+++ DATA +++
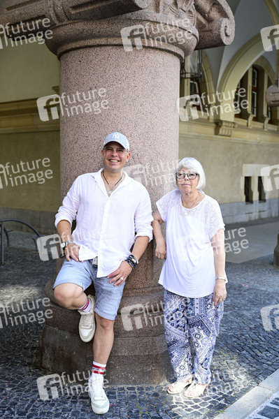 Mario Kotaska mit Mutter Gudrun Kotaska bei einer Sightseeing-Tour am Rathaus auf dem Untermarkt in der Görlitzer Altstadt. Görlitz, 03.09.2024
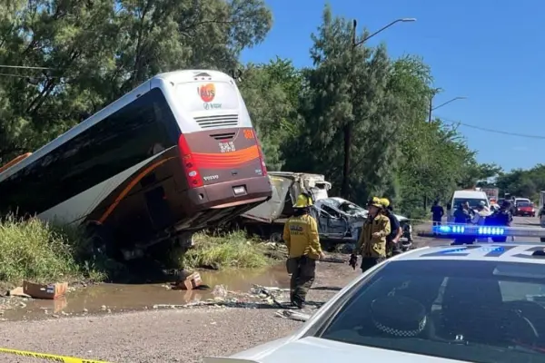 Un fuerte accidente entre un autobús de pasajeros y una camioneta se registró este mediodía en el trébol de la carretera a Costa Rica, en el municipio de Culiacán.
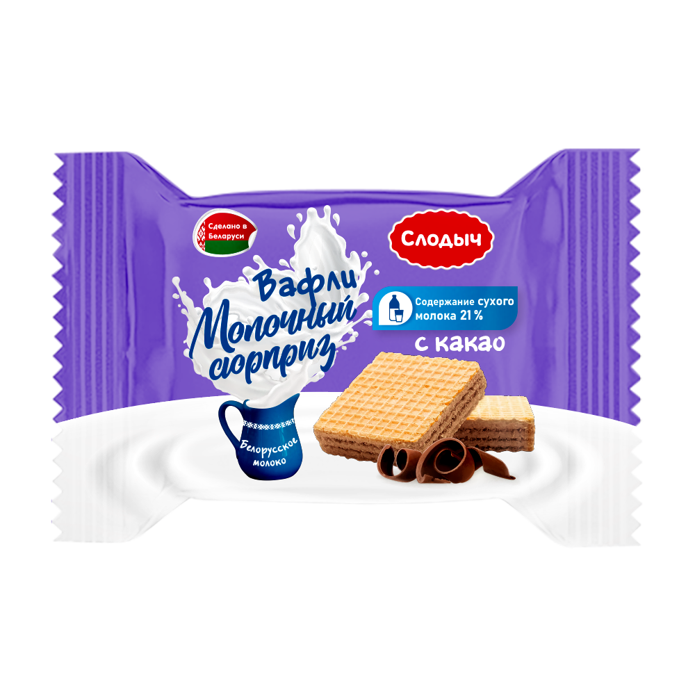 В вафлях "Молочный сюрприз" с ароматом клубники, повышенное содержание сухого молока – 24%!
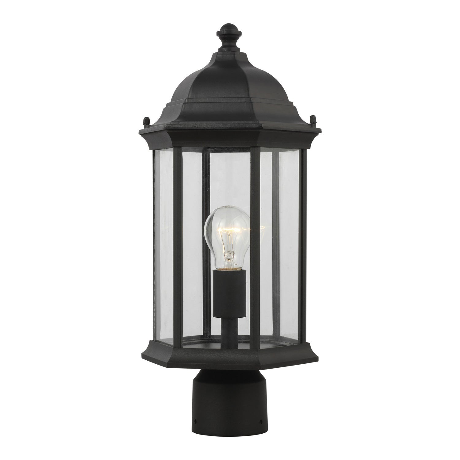 The Sevier one light outdoor post top in black creates a warm and inviting welcome presentation for your home's exterior. The Sevier outdoor collection by brings timeless design to new heights with its traditional design details found in classic outdoor fixtures as well as an open bottom for easy maintenance. Made of durable cast aluminum, a multi-level crown, top finial and stepped-edge back plate complete the traditional look. Offered in Antique Bronze or Black finish, both with Clear glass, the collection includes a one-light outdoor pendant, one-light post lantern, a large one-light up light outdoor wall lantern, a small one-light up light outdoor wall lantern, a small one-light downlight outdoor wall lantern, and a large one-light downlight outdoor wall lantern.
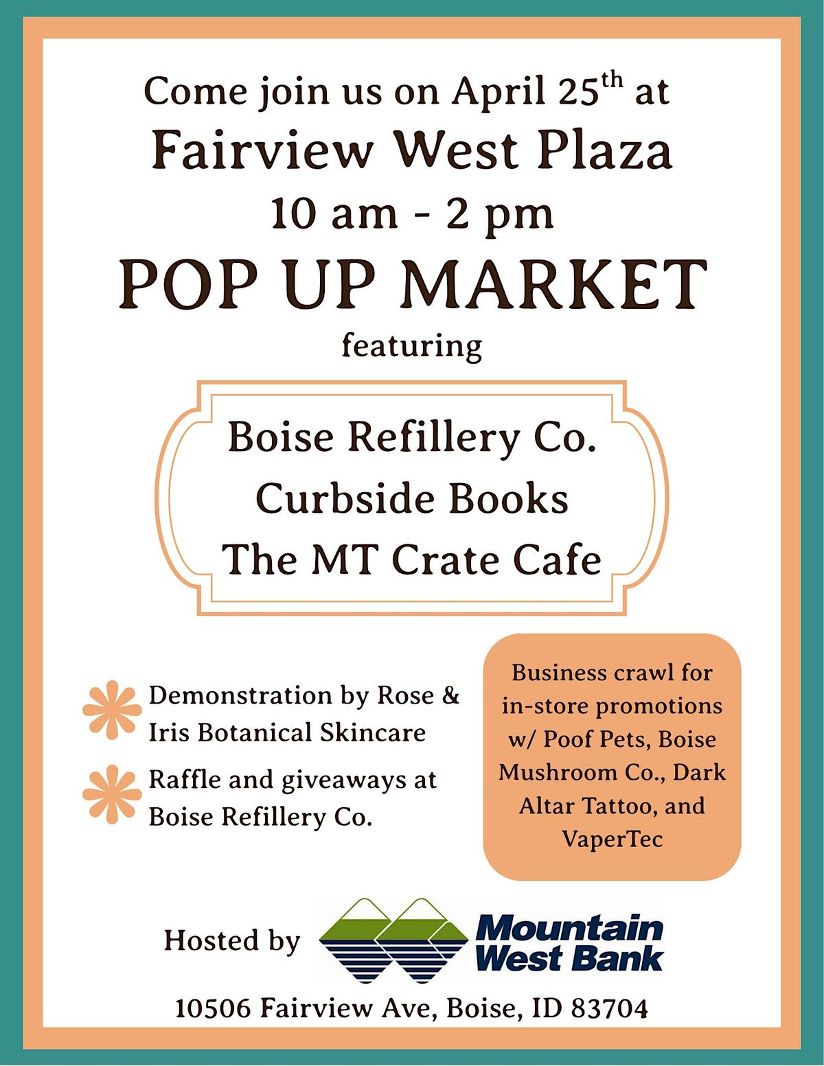 Come check out the Fairview West Plaza Pop Up Market happening on April 25, 2026 at 10:00 AM (MDT)! It’s all going down at 10530 Fairview Ave. Swing by to explore cool local vendors, grab some unique finds, and enjoy a chill atmosphere. Perfect way to spend your Saturday morning with friends and family. Don’t miss out on this fun, in-person event!
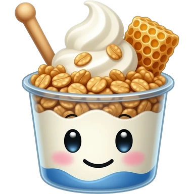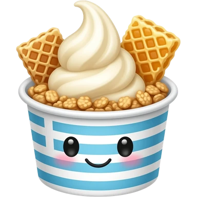 kawaii greek yogurt bowl emoji, soft serve yogurt swirl with granola and honeycomb on top, dessert cup, simple cute icon style emoji
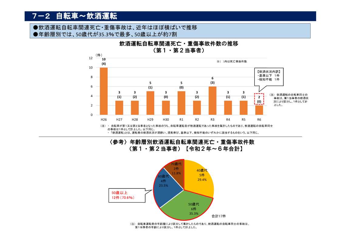 ・ 飲酒運転自転車関連死亡・重傷事故は、近年は横ばいで推移しており、年齢層別では50歳代が最多となっている(資料7-2)。
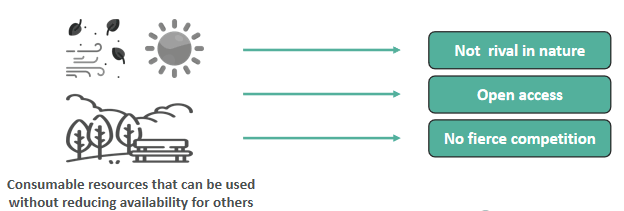 - Consumption by one person does not reduce the amount available for others.
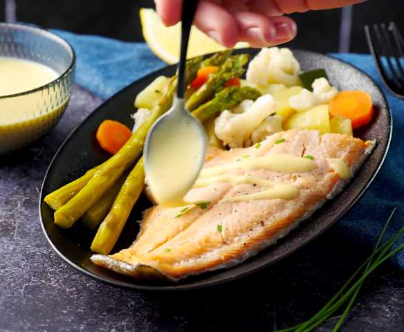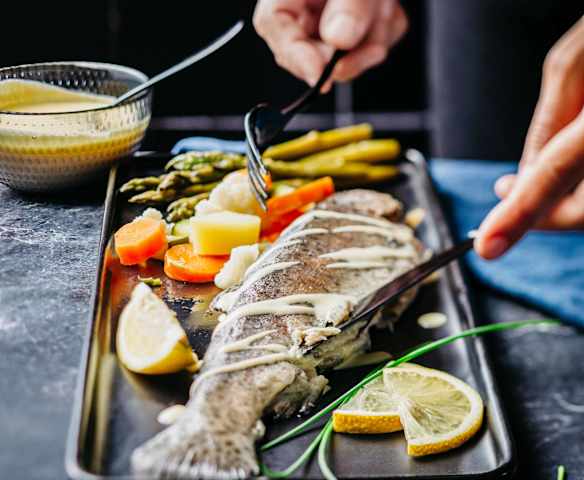 Sandacz w papilotach na parze z warzywami i sosem berneńskim
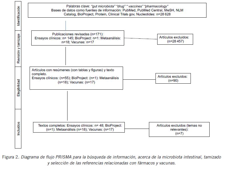 Artículos de revistas, conferencias o capítulos de libros escritos en idioma inglés en el período de 2001 a 2021, procedentes de NCBI-NIH (PubMed, PubMed Central, MeSH, NIH Catalog, BioProject, Protein, ClinicalTrial.gov, Nucleotides, CDD, SWISS-PROT, UniProt, GenBank, Glycans, SWATH Acquisition data bases, ExPASy). Artículos publicados con títulos, resúmenes y texto completo con los términos de búsqueda: gut microbiota, drug, pharmacology, meta-analysis, vaccines y clinical trial.
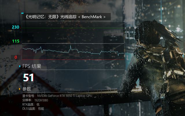 光内存:无线1080P分辨率,低质量光跟踪,以DLSS性能模式设定51个FPS框架率。
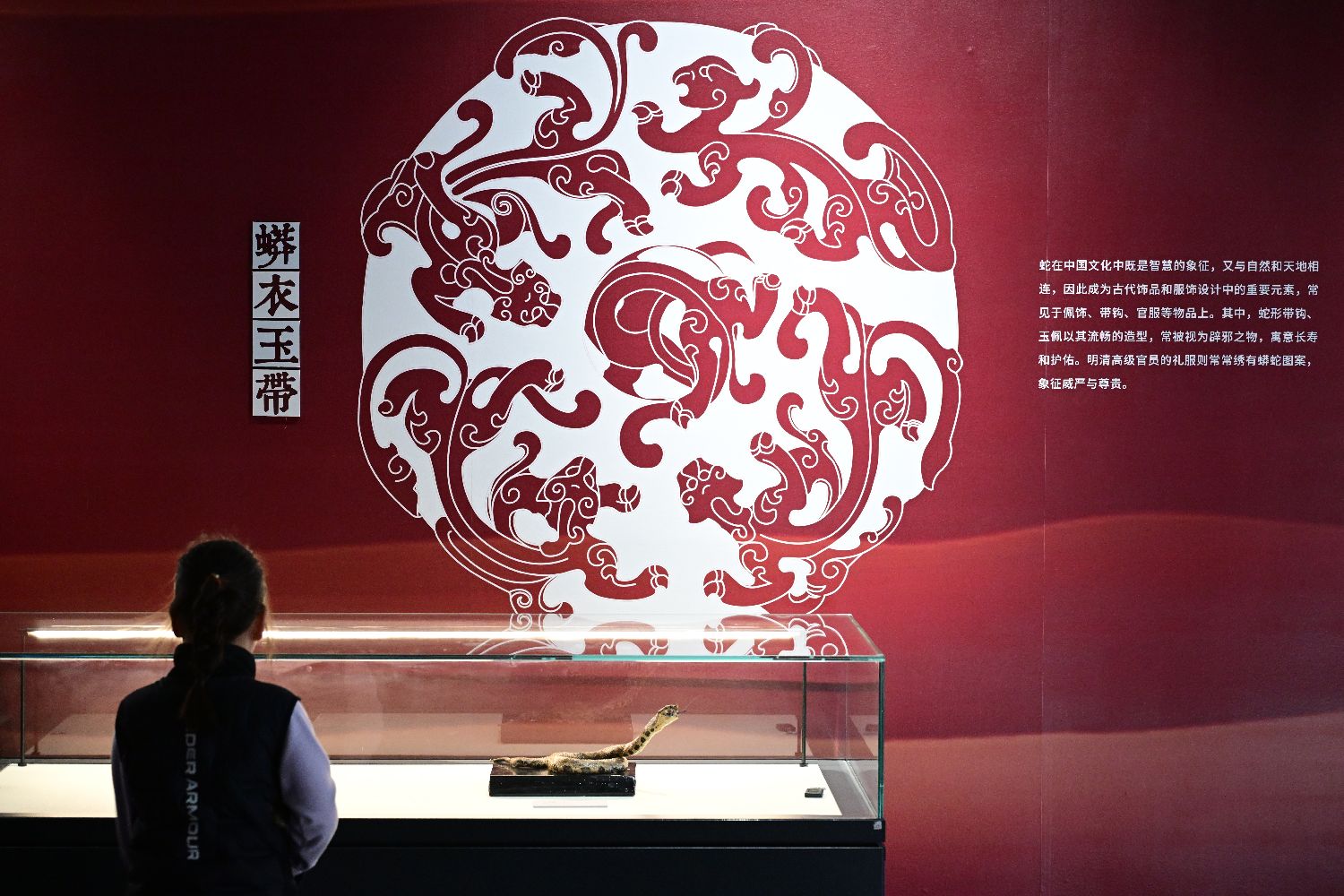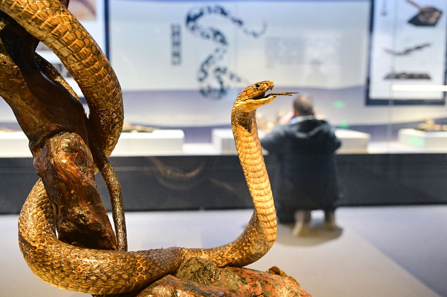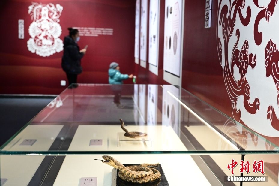 1月14日,“灵蛇献瑞——2025乙巳蛇年生肖文物大联展”在位于北京的国家自然博物馆开展。此次生肖文物大联展,国家自然博物馆精选蛇类标本近50件,全面展示蛇类的独特魅力。图为展览展出的眼镜王蛇标本。中新社
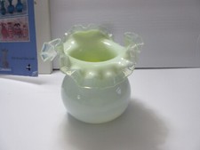 Vintage Fenton Type Art Glass Ivory Crest ? Custard Vase Ruffled Edges ~ 5"
+++
YOUR TASK ▸
Every line from the one that holds "Sandacz w papilotach" to the last line of the records above goes into the answer, exactly as written; nothing else does, and no picture does either.

WRITTEN SOLUTION ▸
 Sandacz w papilotach na parze z warzywami i sosem berneńskim
 Artículos de revistas, conferencias o capítulos de libros escritos en idioma inglés en el período de 2001 a 2021, procedentes de NCBI-NIH (PubMed, PubMed Central, MeSH, NIH Catalog, BioProject, Protein, ClinicalTrial.gov, Nucleotides, CDD, SWISS-PROT, UniProt, GenBank, Glycans, SWATH Acquisition data bases, ExPASy). Artículos publicados con títulos, resúmenes y texto completo con los términos de búsqueda: gut microbiota, drug, pharmacology, meta-analysis, vaccines y clinical trial.
 光内存:无线1080P分辨率,低质量光跟踪,以DLSS性能模式设定51个FPS框架率。
 1月14日,“灵蛇献瑞——2025乙巳蛇年生肖文物大联展”在位于北京的国家自然博物馆开展。此次生肖文物大联展,国家自然博物馆精选蛇类标本近50件,全面展示蛇类的独特魅力。图为展览展出的眼镜王蛇标本。中新社
 Vintage Fenton Type Art Glass Ivory Crest ? Custard Vase Ruffled Edges ~ 5"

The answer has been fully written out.